Faktor yang Mempengaruhi Kesehatan Mental

Makalah

Diajukan untuk memenuhi salah satu tugas mata kuliah Psikologi Islam 3

Dosen Pengampu: Dr. Eneng Nurlailiwangi M.Psi, Psikolog

Disusun oleh

Sabila Nadhirah Kurnia


10050019180

Kelas E

FAKULTAS PSIKOLOGI
UNIVERSITAS ISLAM BANDUNG
TAHUN 2021
A. Sosial Budaya
Salah satu faktor yang dapat mempengaruhi kondisi kesehatan mental individu
adalah faktor sosial budaya. Faktor sosial budaya adalah faktor yang berupa gangguan
nilai, tata sosial dan tata laku manusia yang dapat mempengaruhi kesehatan mental
emosional masyarakat. Faktor sosial dan faktor lingkungan dapat memicu timbulnya
stres pada individu. Stresor lingkungan di antaranya adalah kebisingan, tuntutan
pekerjaan, polusi, sampah dan lain-lain. Stresor dalam hubungan sosial di antaranya
adalah masalah dengan teman kerja, atasan, masalah dengan pasangan, tetangga,
sekolah, guru yang mengancam dan lain-lain.
Faktor sosial dan budaya telah dibuktikan mempengaruhi kondisi mental
individu berdasarkan beberapa penelitian. Salah satu faktor sosial budaya yang
berpengaruh adalah perasaan terintimidasi oleh lingkungan sekolah, sosial dan
pekerjaan. Penelitian yang dilakukan oleh menyebutkan bahwa faktor sosial budaya
mempunyai korelasi positif terhadap kesehatan mental emosional, yaitu semakin
tinggi/banyak masalah sosial budaya maka semakin tinggi risiko mengalami
gangguan kesehatan mental emosional. Pada era globalisasi dan persaingan bebas ini
kecenderungan terhadap peningkatan gangguan jiwa semakin besar, hal ini
disebabkan karena stresor dalam kehidupan semakin kompleks yang meningkatkan
risiko timbulnya masalah pada kesehatan mental emosional masyarakat.

B. Religiusitas
Religiusitas adalah suatu keadaan yang ada di dalam diri seseorang yang
mendorongnya bertingkah laku, bersikap, dan bertindak sesuai dengan ajaran
agamanya (Bukhori, 2006).

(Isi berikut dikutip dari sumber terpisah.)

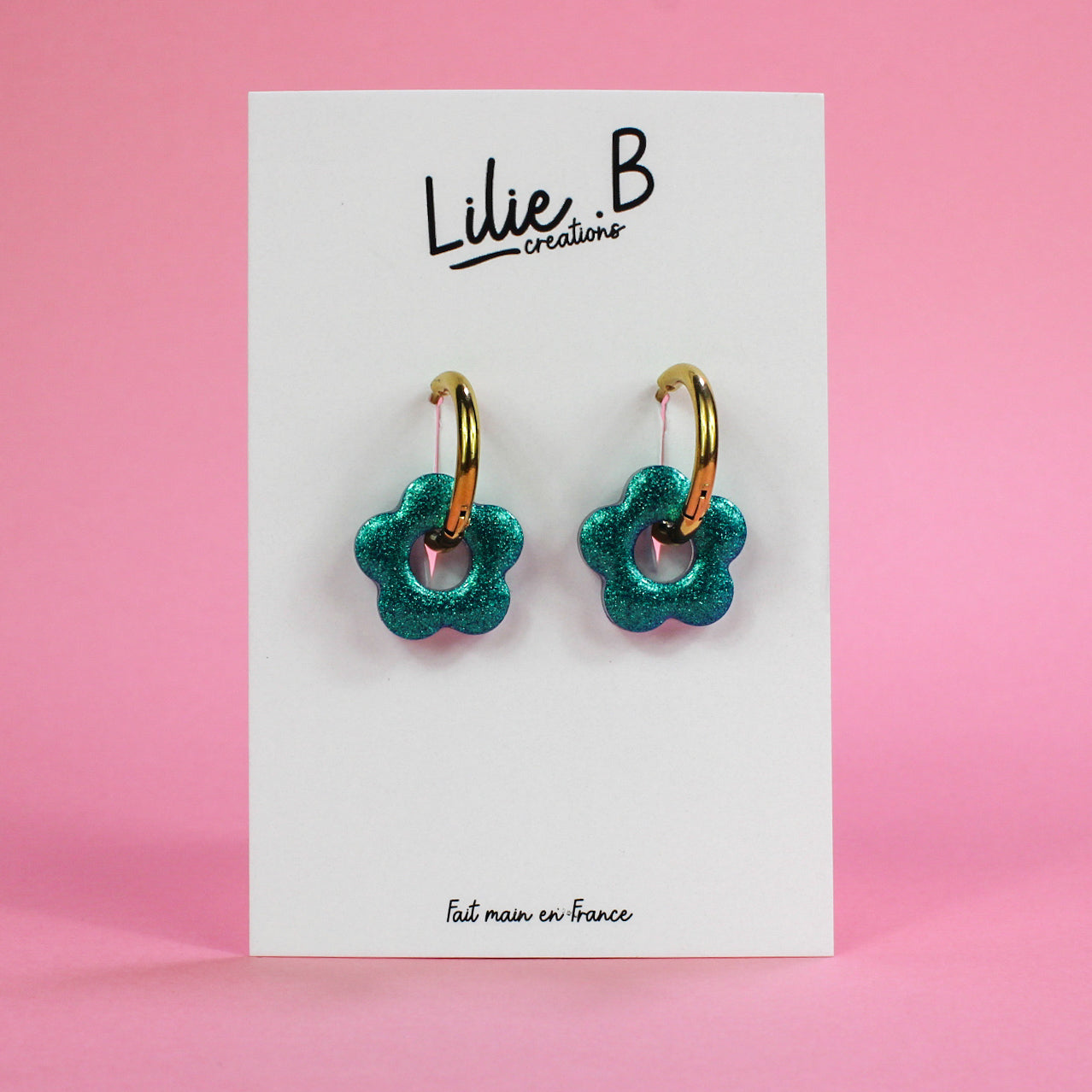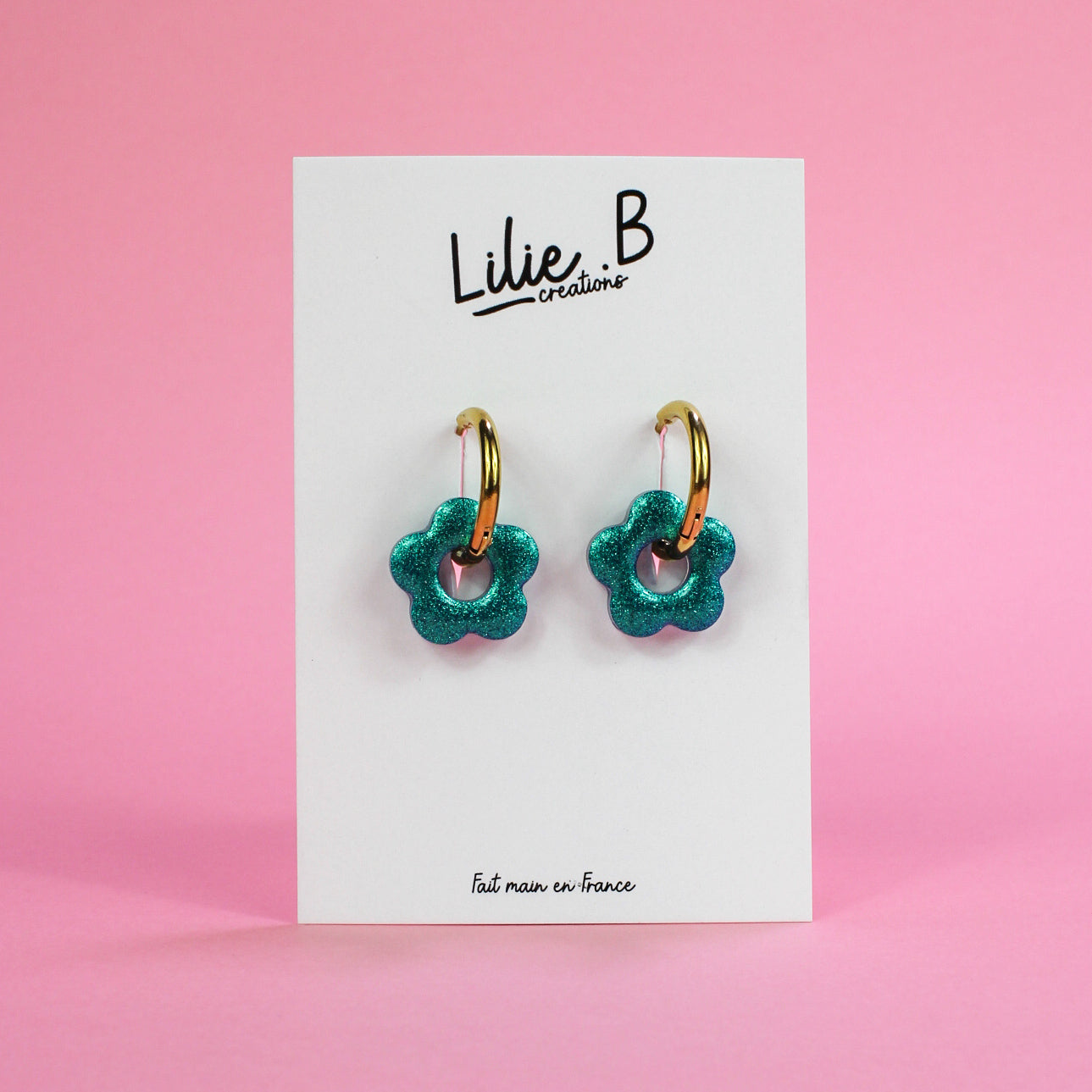 Paire de pampilles fleur mini ( 1,5 cm) fait main de façon 100% artisanale. Créoles en acier inoxydable.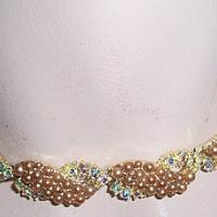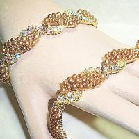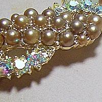 Vintage Kramer set makes lavish use of champagne beige faux pearls and sparkling ab rhinestones in this 15" x 1/2" goldtone necklace. Matching bracelet is 7".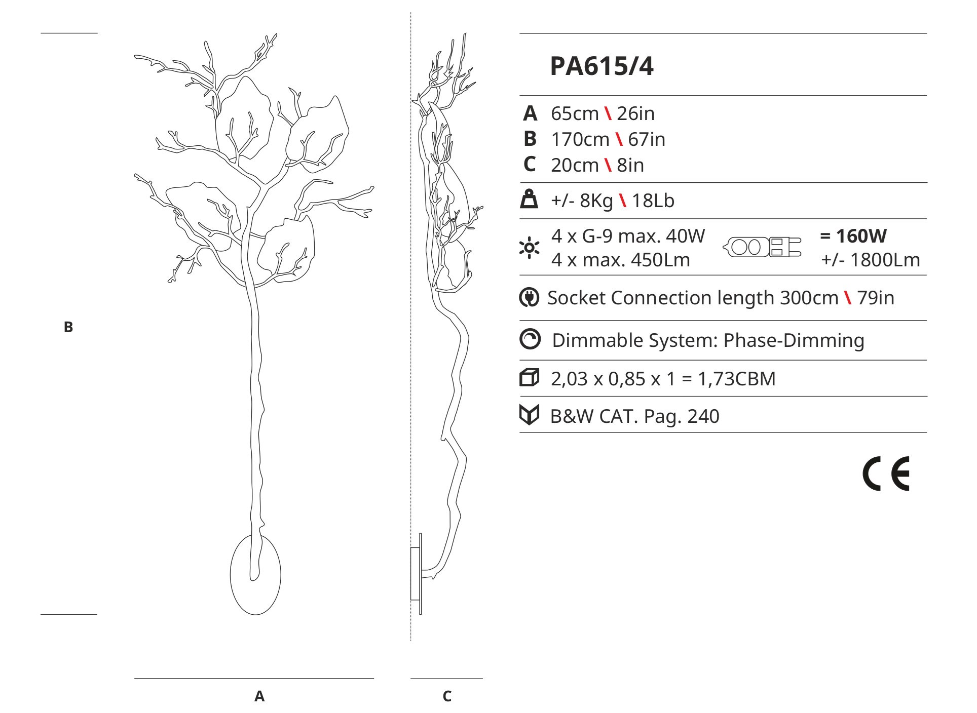 Inspired by the nostalgic and emotional autumn season, this wall lamp is a true work of art that will add a touch of luxury to your home. Whether placed in a living room, bedroom, or hallway, the Outono PA615/4 wall lamp will make a statement and become the focal point of any room.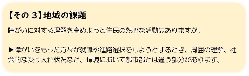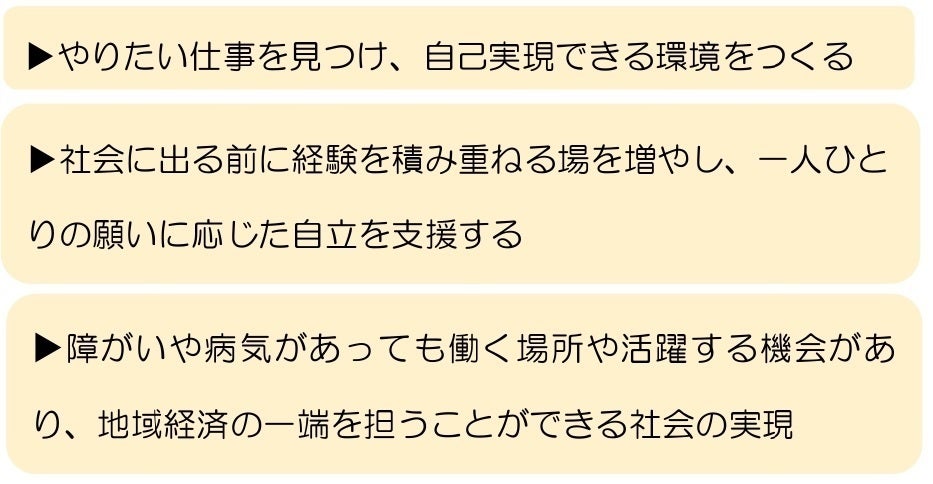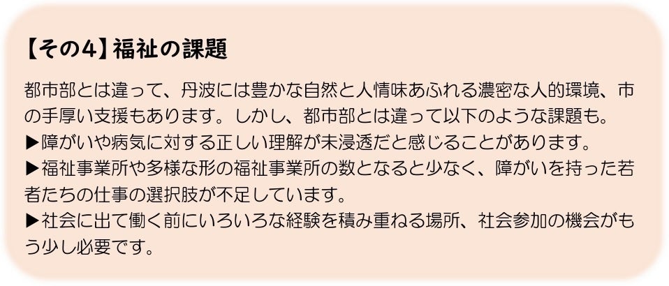 - ③活動を通して多くの方に会い、暮らしの中へ入って「ダイバーシティ&インクルージョン」の大切さをお手元までお届けし、丹波にユニバーサルの価値や豊かさ、幸せ感を拡げていきます。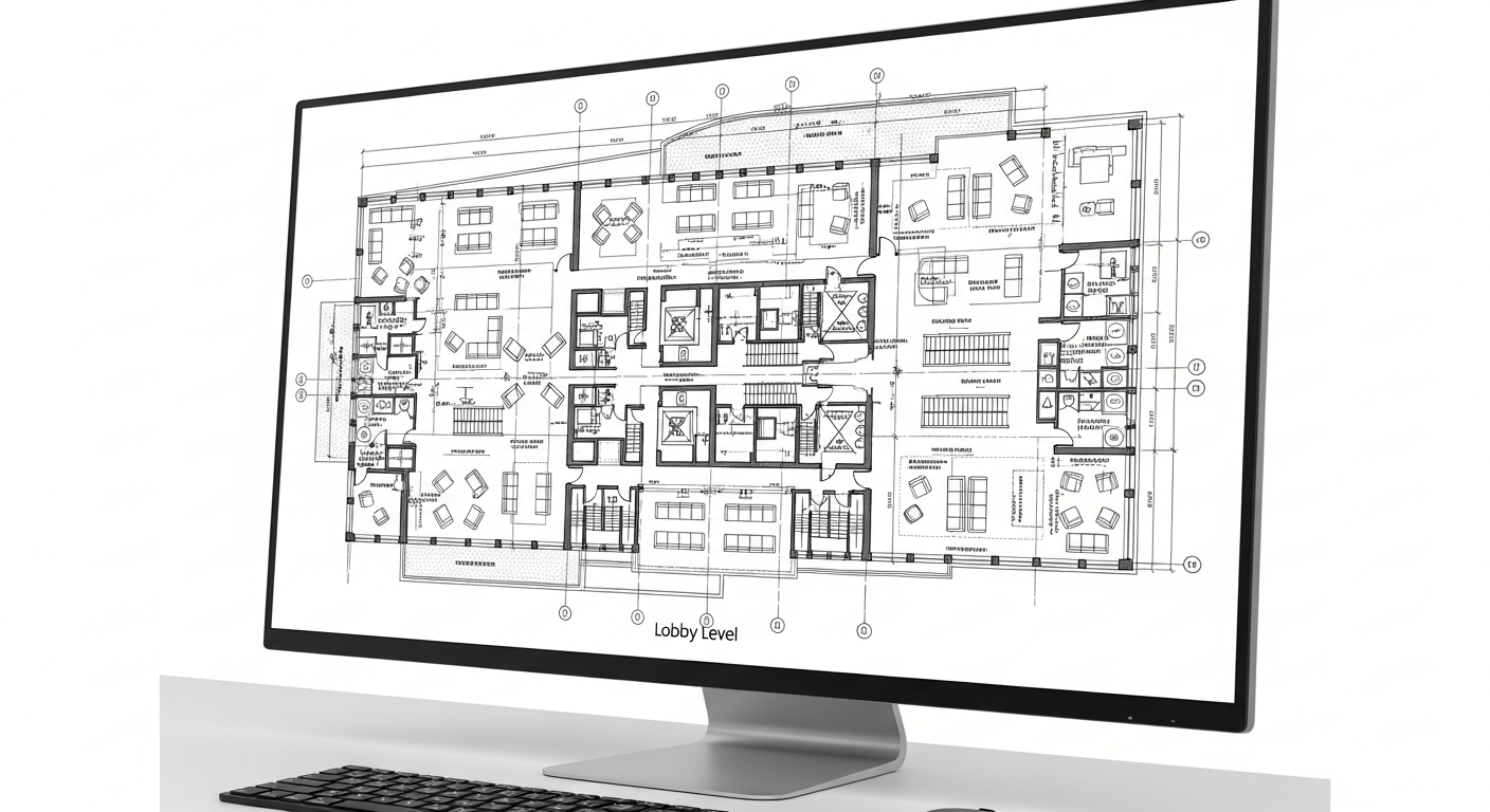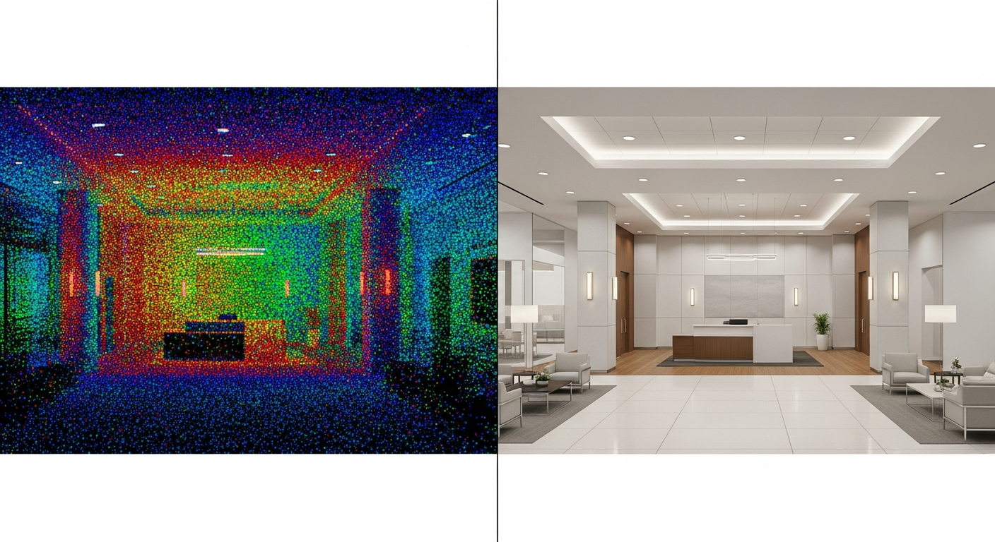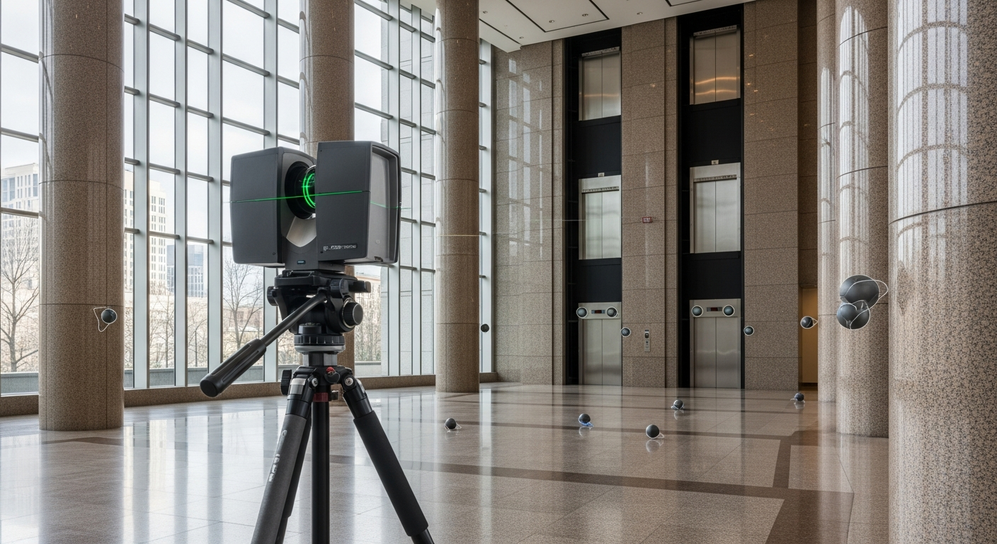 We scanned all three levels of the lobby and common areas over a weekend to minimize tenant disruption. Using 36 scan positions, we captured the full geometry including structural columns, curtain wall mullion patterns, floor-to-ceiling heights, elevator core dimensions, and existing MEP routing in the ceiling plenum. The deliverable was a fully dimensioned AutoCAD floor plan set and a Revit architectural model that the design team used as the base for their renovation drawings.

Terdapat lima dimensi religiusitas menurut Glock dan
Stark (Bukhori, 2006), yakni:
 Ideologis/keyakinan, berkaitan dengan tingkat keyakinan individu terhadap
kebenaran ajaran agamanya, terutama yang fundamental.
 Ritualistik/praktik, berkaitan dengan tingkat kepatuhan dalam melaksanakan
kegiatan-kegiatan ritual atau ibadah seperti yang diperintahkan atau dianjurkan
di dalam agamanya.
 Eksperiensial/pengalaman, berkaitan dengan tingkat individu dalam
merasakan atau mengalami pengalaman religius.
 Intelektual/pengetahuan, berkaitan dengan tingkat pengetahuan dan
pemahaman individu mengenai ajaran agamanya seperti yang terdapat dalam
kitab suci.
 Pengamalan/konsekuensi, berkaitan dengan tingkat individu berperilaku yang
dimotivasi oleh ajaran agamanya.

Kesehatan mental dipengaruhi oleh beberapa hal, termasuk salah satunya


adalah kondisi keberagaman individu. Keberagaman ini dapat mencakup beberapa
hal, yang di antaranya adalah agama atau keyakinan individu. Daradjat (1993)
menyatakan bahwa agama dengan ketentuan dan hukum-hukumnya telah dapat
membendung terjadinya gangguan kejiwaan, yaitu dengan dihindarkannya segala
kemungkinan sikap, perasaan, dan kelakuan yang membawa pada kegelisahan.
Berdasarkan penelitian yang dilakukan oleh Bergin pada tahun 1987, ditemukan
bahwa orientasi religius intrinsik diasosiasikan dengan bebas dari keragu-raguan,
minimasi kecemasan, kegigihan berusaha, dan kesiapsiagaan.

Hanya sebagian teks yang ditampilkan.